>>>>>
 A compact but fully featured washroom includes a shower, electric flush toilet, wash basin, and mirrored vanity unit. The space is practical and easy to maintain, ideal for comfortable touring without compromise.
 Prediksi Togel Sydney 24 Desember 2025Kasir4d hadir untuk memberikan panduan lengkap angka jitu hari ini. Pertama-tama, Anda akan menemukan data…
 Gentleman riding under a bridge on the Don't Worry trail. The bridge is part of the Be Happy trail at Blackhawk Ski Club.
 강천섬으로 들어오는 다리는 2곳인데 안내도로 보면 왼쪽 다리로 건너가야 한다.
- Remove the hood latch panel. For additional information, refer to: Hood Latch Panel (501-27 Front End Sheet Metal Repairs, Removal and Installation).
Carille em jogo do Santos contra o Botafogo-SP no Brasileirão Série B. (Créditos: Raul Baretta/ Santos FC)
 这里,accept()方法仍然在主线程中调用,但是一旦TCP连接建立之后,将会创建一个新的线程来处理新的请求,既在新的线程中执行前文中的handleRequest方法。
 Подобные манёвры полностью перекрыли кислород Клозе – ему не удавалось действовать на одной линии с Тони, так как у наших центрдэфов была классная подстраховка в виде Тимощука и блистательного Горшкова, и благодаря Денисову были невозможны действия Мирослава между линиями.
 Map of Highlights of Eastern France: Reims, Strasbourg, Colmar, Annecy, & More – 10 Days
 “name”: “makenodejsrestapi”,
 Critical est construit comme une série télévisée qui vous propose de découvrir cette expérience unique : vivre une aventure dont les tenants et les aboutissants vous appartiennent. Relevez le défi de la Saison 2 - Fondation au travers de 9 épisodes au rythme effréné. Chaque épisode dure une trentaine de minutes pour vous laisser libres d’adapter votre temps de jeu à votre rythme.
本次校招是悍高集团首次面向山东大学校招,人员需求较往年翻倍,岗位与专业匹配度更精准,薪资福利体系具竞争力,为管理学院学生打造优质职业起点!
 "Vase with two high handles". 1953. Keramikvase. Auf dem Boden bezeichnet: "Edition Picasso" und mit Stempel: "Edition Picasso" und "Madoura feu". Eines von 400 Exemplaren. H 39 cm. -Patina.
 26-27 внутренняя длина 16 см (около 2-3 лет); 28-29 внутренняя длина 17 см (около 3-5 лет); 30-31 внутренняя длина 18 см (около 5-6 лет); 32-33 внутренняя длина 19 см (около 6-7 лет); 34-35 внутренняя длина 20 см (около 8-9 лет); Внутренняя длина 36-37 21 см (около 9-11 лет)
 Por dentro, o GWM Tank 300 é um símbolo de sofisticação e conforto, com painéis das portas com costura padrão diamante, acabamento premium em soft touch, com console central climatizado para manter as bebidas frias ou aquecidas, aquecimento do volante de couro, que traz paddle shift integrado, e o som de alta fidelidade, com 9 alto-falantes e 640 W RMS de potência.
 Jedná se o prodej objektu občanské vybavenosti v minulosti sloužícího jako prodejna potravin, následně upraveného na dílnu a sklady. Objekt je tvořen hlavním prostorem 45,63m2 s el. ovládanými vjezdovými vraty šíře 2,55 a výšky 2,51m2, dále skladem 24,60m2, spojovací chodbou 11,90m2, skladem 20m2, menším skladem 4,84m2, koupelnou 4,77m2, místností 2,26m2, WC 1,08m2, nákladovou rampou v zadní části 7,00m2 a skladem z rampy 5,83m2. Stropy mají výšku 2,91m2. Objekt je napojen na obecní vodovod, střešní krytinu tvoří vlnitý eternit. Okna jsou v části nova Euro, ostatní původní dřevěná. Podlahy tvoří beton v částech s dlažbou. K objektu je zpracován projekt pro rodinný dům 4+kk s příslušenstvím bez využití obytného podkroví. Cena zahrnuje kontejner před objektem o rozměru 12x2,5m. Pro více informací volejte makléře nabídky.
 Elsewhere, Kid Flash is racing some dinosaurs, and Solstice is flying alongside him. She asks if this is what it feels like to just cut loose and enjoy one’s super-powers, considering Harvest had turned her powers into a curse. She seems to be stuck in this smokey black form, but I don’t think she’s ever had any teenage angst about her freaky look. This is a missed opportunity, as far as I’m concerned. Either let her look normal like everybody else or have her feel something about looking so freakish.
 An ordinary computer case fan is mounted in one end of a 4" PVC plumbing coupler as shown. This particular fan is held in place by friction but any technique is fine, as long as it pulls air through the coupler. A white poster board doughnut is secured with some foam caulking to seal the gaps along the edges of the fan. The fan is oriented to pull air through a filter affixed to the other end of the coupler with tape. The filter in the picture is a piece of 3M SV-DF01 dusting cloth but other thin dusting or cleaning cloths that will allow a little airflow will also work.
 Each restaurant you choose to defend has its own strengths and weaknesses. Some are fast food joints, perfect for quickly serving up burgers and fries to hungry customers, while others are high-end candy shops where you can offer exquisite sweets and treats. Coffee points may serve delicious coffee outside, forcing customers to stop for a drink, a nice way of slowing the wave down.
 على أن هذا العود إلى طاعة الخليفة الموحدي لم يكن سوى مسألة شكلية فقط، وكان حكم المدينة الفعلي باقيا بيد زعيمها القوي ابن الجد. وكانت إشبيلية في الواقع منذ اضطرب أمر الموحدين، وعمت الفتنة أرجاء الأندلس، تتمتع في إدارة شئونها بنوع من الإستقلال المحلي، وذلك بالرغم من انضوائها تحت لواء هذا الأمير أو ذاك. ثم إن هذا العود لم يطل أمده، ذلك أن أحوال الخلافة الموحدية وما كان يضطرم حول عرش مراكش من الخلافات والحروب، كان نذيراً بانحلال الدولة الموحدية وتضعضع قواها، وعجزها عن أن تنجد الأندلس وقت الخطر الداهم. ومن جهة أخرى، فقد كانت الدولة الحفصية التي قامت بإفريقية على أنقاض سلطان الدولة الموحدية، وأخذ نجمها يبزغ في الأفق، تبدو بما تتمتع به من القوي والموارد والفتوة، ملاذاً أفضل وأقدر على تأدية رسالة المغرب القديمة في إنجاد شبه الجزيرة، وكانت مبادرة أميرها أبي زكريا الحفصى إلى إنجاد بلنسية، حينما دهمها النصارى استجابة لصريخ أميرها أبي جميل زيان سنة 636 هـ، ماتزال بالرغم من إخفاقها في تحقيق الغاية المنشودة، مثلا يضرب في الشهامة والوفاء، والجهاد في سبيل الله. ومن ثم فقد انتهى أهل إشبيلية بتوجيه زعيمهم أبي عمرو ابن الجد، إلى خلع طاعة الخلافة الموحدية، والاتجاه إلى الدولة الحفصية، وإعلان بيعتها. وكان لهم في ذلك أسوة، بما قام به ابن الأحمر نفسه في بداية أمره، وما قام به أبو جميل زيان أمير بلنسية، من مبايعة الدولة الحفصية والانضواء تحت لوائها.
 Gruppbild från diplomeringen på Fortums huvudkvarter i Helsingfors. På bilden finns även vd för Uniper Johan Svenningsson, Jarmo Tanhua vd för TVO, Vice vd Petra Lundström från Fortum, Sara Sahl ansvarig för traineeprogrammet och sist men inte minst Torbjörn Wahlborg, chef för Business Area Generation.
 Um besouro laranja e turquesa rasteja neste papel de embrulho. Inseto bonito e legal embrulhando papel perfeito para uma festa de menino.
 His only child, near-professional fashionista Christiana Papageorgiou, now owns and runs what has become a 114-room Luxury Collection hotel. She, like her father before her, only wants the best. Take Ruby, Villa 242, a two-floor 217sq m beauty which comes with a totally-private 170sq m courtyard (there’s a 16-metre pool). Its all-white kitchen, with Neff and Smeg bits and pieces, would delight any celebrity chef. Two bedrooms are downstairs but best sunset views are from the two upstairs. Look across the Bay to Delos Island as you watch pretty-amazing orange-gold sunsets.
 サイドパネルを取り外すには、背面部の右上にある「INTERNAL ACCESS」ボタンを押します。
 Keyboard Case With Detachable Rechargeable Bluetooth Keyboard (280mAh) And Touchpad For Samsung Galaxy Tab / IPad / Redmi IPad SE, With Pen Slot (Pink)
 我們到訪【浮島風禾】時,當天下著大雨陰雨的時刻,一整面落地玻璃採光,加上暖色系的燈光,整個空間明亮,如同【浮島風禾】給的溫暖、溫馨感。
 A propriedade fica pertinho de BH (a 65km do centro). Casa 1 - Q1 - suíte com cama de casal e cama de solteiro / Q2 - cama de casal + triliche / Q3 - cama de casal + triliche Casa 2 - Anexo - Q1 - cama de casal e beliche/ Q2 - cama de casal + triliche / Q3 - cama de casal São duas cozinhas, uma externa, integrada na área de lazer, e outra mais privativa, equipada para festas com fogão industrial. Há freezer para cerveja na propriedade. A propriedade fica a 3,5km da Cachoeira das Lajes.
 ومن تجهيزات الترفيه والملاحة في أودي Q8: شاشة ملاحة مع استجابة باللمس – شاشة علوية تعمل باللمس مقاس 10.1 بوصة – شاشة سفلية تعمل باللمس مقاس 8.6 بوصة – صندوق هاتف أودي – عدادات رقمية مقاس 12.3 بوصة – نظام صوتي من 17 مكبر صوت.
<<<<<
# PROBLEM TO SOLVE
The output must consist solely of the lines from the first line of the records through the line containing "강천섬으로 들어오는 다리는 2곳인데 안내도로 보면 왼쪽 다리로 건너가야 한다.", reproduced exactly.

# RESPONSE BOX
 A compact but fully featured washroom includes a shower, electric flush toilet, wash basin, and mirrored vanity unit. The space is practical and easy to maintain, ideal for comfortable touring without compromise.
 Prediksi Togel Sydney 24 Desember 2025Kasir4d hadir untuk memberikan panduan lengkap angka jitu hari ini. Pertama-tama, Anda akan menemukan data…
 Gentleman riding under a bridge on the Don't Worry trail. The bridge is part of the Be Happy trail at Blackhawk Ski Club.
 강천섬으로 들어오는 다리는 2곳인데 안내도로 보면 왼쪽 다리로 건너가야 한다.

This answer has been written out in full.